I'm sorry but this is absolutely horrible advice.
-Amoxicillian does most definitely have a dose at which it becomes toxic so you can indeed OD your rat on it.
-ALL antibiotics have the potential for side-effects
-I don't know where you are, but there is nowhere in the US where you can buy antibiotics for rats in a store that are actually quality controlled.
-You need a full 21 - 30 day course of any AB for it to be effective which is more than a 'few pills'
-amoxicillian is not very effective against myco
-we don't even know if this is myco just based on her post. It could easily be SDA, CarB + Myco, Sendai or any number of things that require Batryil, doxy and/or zithromax.

OP, best thing to do is take your rat to a qualified vet and perhaps print out this guide to take along: http://www.rmca.org/Articles/dchart.htm There are a few AB's in there that say a 7-14 day course is adequate but you'll find 21-30 days is necessary to fully take out a stubborn infection.

If your rat only has myco (as diagnosed by a vet, not by us over the internet), then get him/her on a 3-4 week course of AB's and use that 3-4 weeks to quarantine a new rat as a companion.

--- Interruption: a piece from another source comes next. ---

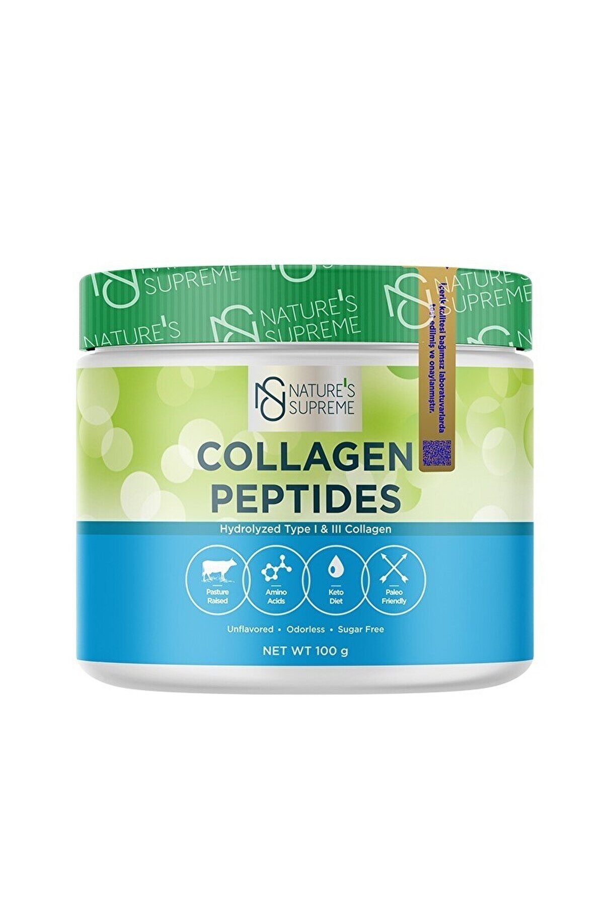 Nature's Supreme Collagen Peptide 0.10 Kg Unflavored Description What is Nature's Supreme Collagen Peptides? Nature's Supreme Collagen Peptides is an easily digestible and highly bioavailable dietary supplement obtained from natural sources. A blend of Type 1 and Type 3 collagen, Nature's Supreme Collagen Peptides contains 91 hydrolyzed collagen protein. Since it is odorless and flavorless, you can mix it with your favorite food or drink and consume it. Nature's Supreme collagen supplement does not contain any additional additives or preservatives. What is Collagen and What Does It Do? Collagen, which makes up almost a third of the human body, is a type of protein. It is a protein needed for the entire body, especially connective tissues, tendons, bones, muscles, and skin. Nature's Supreme Collagen Peptides contains 91 collagen protein. This makes it a good nutritional supplement for those who exercise regularly and follow a high-protein diet (including ketogenic and paleo). Raw Material Quality of Nature's Supreme Collagen Peptides: Natural collagen protein is obtained by enzymatic hydrolysis of collagen-rich meat from grass-fed cattle. Nature's Supreme Collagen Peptides is produced in the form of small collagen protein molecules, which ensures rapid digestion and high bioavailability. The collagen supplement can be easily mixed in hot or cold water. Nature's Supreme Collagen Peptides, offered in powder form, is odorless and flavorless. It does not alter the taste of the food or drink it is added to. It does not contain any preservatives or additives. This natural protein product, owned by Nature's Supreme, is a patented raw material belonging to the "Solugel" brand of PB Gelatins, Argentina's most established and well-known gelatin producer. It is Halal, HACCP, ISO, and Kosher certified. How to Consume Nature's Supreme Collagen Peptides? Nature's Supreme Collagen Peptides' unflavored powder form allows it to be mixed with many drinks or foods consumed throughout the day. Its high protein content (91 ) allows you to enrich your meals with protein. You can easily consume 1 scoop of collagen powder with hot or cold beverages like coffee, ayran, and fruit juice, or with meals like yogurt, smoothies, muesli, or soup. Remarkable Features of Nature's Supreme Collagen Peptides: - 10 g of hydrolyzed Type 1 3 collagen per serving - Contains rapidly absorbed 3000 dalton molecular weight collagen - Production from grass-fed beef - Fast-digesting powder form - 91 high protein content - High bioavailability - 0 sugar - Flavorless and odorless - Easily dissolved in hot or cold water - Halal, HACCP, ISO and Kosher certified - Solugel brand patented Raw material origin: Argentina What Does the Banderol on the Product Mean? The quality banderol on the product indicates that this product has undergone microbiological analysis and tests and that the declared content in the product has been verified. Nature's Supreme has the quality and accuracy of the stated content tested in independent laboratories with TÜRKAK accreditation certificate. These laboratories are among the leading centers for microbiological analysis in Europe. Analyzes are carried out in these advanced laboratories. Nature's Supreme brand maintains this practice in all its product options and has all the necessary analyzes done. Quality Approval Report Beginner Level For adults, you can mix 1 scoop (10 g) with 250 mL of water once a day and consume it. If you wish, you can mix it with your hot or cold beverages such as coffee, ayran and fruit juice, or add it to your meals such as yogurt, muesli and soup. It does not alter the taste of the mixed food. Intermediate Level For adults, you can mix 1 scoop (10 g) with 250 mL of water once a day and consume it. If you wish, you can mix it with your hot or cold beverages such as coffee, ayran and fruit juice, or add it to your meals such as yogurt, muesli and soup. It does not alter the taste of the mixed food. Advanced Level For adults, you can mix 1 scoop (10 g) with 250 mL of water once a day and consume it. If you wish, you can mix it with your hot or cold beverages such as coffee, ayran and fruit juice, or add it to your meals such as yogurt, muesli and soup. It does not alter the taste of the mixed food. Nature's Supreme Collagen Peptides Powder 100g Unflavored Positive Reviews: Highly bioavailable hydrolyzed Type 1-3 collagen, produced from grass-fed beef, Solugel brand patented raw material, contains no artificial sweeteners or flavorings, and can be added to many meals thanks to its odorlessness, suitable for ketogenic and Paleo diets, collagen weight 3000 daltons. Nature's Supreme Collagen Peptides Powder 100g Unflavored Does Not Contain: Aspartame, Pork Additives, GMOs, Gluten, Preservatives, Lactose, Coloring Dye. Age Range: Under 21, Between 21-39, Over 40. Target: Joint Health, Recovery, Recovery. Gender: Male, Female. Active Ingredients: Collagen. Ingredient Type: Powder.

If your vet thinks it's viral or something bacterial then wait till your rat is healthy before getting a companion.


----------



## Llygoden_Fawr (Nov 27, 2011)

Aww I hope your little one gets better soon!!


----------



## Nightflight11 (Nov 26, 2011)

wheeljack said:


> I'm sorry but this is absolutely horrible advice.
> -Amoxicillian does most definitely have a dose at which it becomes toxic so you can indeed OD your rat on it.
> -ALL antibiotics have the potential for side-effects
> -I don't know where you are, but there is nowhere in the US where you can buy antibiotics for rats in a store that are actually quality controlled.
> ...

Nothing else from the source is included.